Professor of Law at UNDA Iain Benson slammed “human rights zealots [who] want to force older traditions to change”.

Dean of Law at UNDA Professor Michael Quinlan. PHOTO: Supplied

“Some people view human rights as a mechanism to make wholesale changes to society rather than as a general framework to protect the rights of people and associations to live together – often with their moral disagreements intact,” he said.

“Change for changes’ sake is a nonsense and the idea that state-funded bureaucrats know what’s best for millennia-old traditions they happen to dislike is an indication that, as the Canadian academic Michael Ignatieff noted, we are in the presence of ‘human rights as idolatry’ – a competing kind of religion.

“While unfair or unjust discriminations may be limited appropriately by law it is quite another thing to suggest that areas of long-standing moral disagreement may be regulated and forced to change using the vehicle of supposed human rights to do so.

“The new zealots pose a threat to genuine human rights and genuine diversity which must show more respect to religious traditions.”

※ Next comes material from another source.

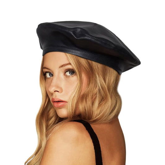French Women's Beret Hats PU Leather Artist Painter Cap Classic Solid Style
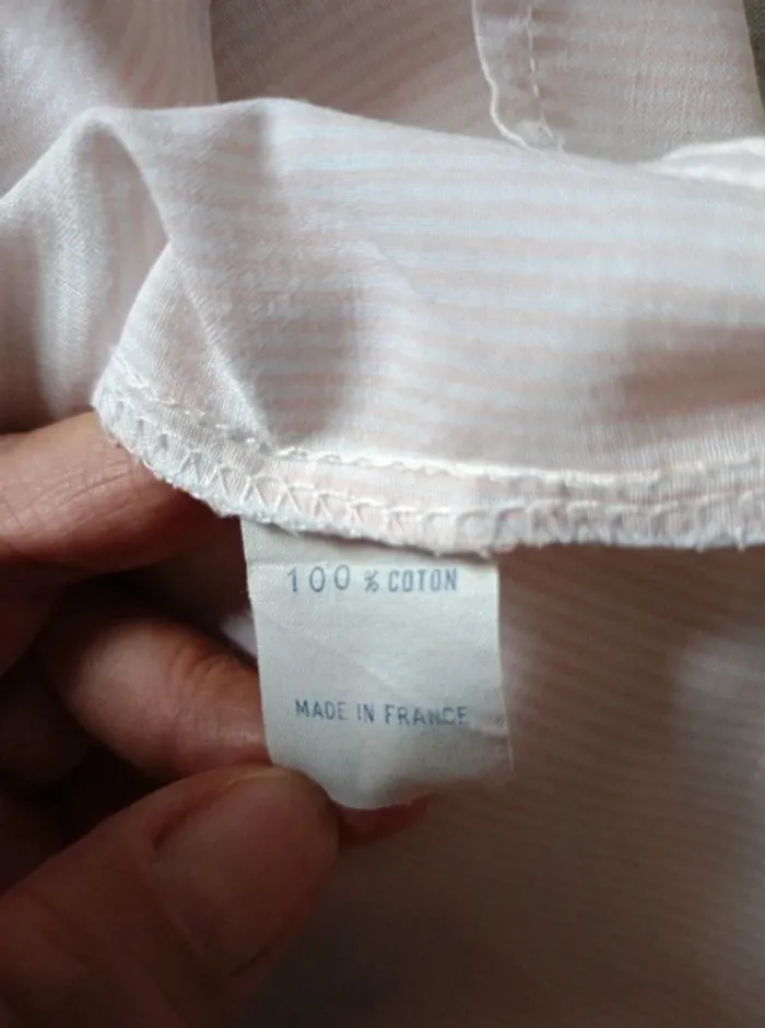 Tous mes articles sont triés par les tailles. Découvrez mon dressing et créez le lot pour économiser sur les frais de port. #vetfem_lisa_46 Chemise vintage Al'Son 100% coton, rayures blanches et rose pâle t.46 épaules 51 cm aisselles 62 cm longueur 62 cm Fabriqué en France

Executive director of the National Catholic Education Commission Jacinta Collins said that the organisation rejects the AHRC’s characterisation of religious exemptions as “freezing in time community standards”.

“We are concerned that this language unintentionally has the effect of ‘othering’ those with religious beliefs,” she wrote in a submission to the AHRC president Professor Rosalind Croucher. “It suggests that religious believers and communities which may rely on these exemptions sit apart from society and operate outside community standards.”

The NCEC represents the country’s 1748 Catholic schools enrolling more than 764,000 students and employing more than 96,000 staff. In the absence of positive protections, the existing exemptions enable schools to operate and teach in accordance with Catholic faith, Ms Collins wrote.

“Attempts to frame balancing clauses (exemptions) as an impediment to legitimate human rights are unfair and inaccurate.”

Prof Iain Benson: Only strong religious freedom laws will protect believers from those “wanting to send religion to the wall”. Photo: Alphonsus Fok
Prof Iain Benson: Only strong religious freedom laws will protect believers from those “wanting to send religion to the wall”. PHOTO: Alphonsus Fok

The Australian Catholic Bishops Conference said that the commission should be careful “not to present exemptions as impediments to legitimate human rights, when the exemptions in fact recognise and balance other legitimate rights”.

Archbishop Peter A Comensoli, chair of the bishops’ commission for life, family and public engagement, wrote in the ACBC’s submission that educational institutions for example needed provision to ensure laws did not have the effect of curtailing religious freedom.

“For example, while it would be unjust in most contexts to exclude a person on the basis of their religious or ethical beliefs, it would be equally unjust to insist that a religious organisation employ a person who was opposed to its religious and ethical beliefs,” he wrote.

“The discussion paper does not acknowledge that Commonwealth law has only recognised religious liberty in exemptions to anti-discrimination legislation.”

Ms Collins said that the commission’s work on religious freedom protections and the operation of exemptions on anti-discrimination law should be delayed pending finalisation of the work by the Federal government which is preparing religious discrimination laws and the Australian Law Reform Commission.

“The NCEC is hopeful that these issues will be resolved at the federal level following the passage of the [Religious Discrimination Bill], with any outstanding issues more appropriately dealt with as part of the ALRC inquiry,” she wrote.